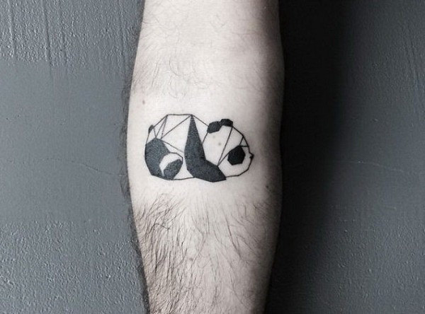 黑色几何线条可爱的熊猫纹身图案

__________________________________________________

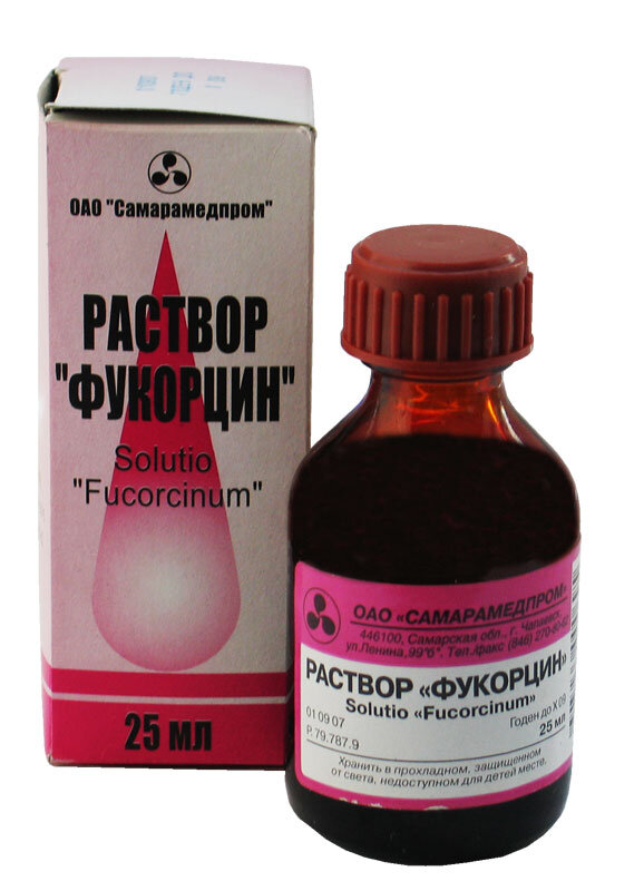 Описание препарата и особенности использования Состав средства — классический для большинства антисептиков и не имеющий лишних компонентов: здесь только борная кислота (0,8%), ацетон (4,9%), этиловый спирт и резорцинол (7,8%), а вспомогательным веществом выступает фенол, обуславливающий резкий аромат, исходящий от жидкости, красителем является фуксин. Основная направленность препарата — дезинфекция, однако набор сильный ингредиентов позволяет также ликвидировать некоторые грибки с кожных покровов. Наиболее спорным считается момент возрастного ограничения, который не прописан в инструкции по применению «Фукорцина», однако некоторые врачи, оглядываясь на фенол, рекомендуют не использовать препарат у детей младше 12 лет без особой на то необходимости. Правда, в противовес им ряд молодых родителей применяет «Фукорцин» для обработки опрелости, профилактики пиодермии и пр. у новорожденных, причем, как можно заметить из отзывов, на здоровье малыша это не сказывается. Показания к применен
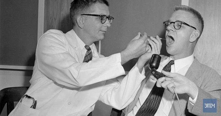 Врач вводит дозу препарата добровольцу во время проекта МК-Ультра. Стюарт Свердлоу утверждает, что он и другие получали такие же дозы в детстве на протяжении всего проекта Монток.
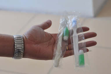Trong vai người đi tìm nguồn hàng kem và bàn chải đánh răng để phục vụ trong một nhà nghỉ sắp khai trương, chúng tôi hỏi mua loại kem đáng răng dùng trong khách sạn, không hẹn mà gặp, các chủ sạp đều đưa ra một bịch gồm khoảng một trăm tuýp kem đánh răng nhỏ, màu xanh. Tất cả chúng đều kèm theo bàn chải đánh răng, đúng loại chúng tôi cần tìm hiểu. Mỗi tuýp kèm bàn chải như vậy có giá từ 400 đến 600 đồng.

__________________________________________________

* YOUR OBJECTIVE
Transcribe, word for word, the stretch of lines in the data above from the one with "Врач вводит дозу" through the one with "Trong vai người"; omit all pictures.

* RESULT FOR THIS EXERCISE
 Врач вводит дозу препарата добровольцу во время проекта МК-Ультра. Стюарт Свердлоу утверждает, что он и другие получали такие же дозы в детстве на протяжении всего проекта Монток.
Trong vai người đi tìm nguồn hàng kem và bàn chải đánh răng để phục vụ trong một nhà nghỉ sắp khai trương, chúng tôi hỏi mua loại kem đáng răng dùng trong khách sạn, không hẹn mà gặp, các chủ sạp đều đưa ra một bịch gồm khoảng một trăm tuýp kem đánh răng nhỏ, màu xanh. Tất cả chúng đều kèm theo bàn chải đánh răng, đúng loại chúng tôi cần tìm hiểu. Mỗi tuýp kèm bàn chải như vậy có giá từ 400 đến 600 đồng.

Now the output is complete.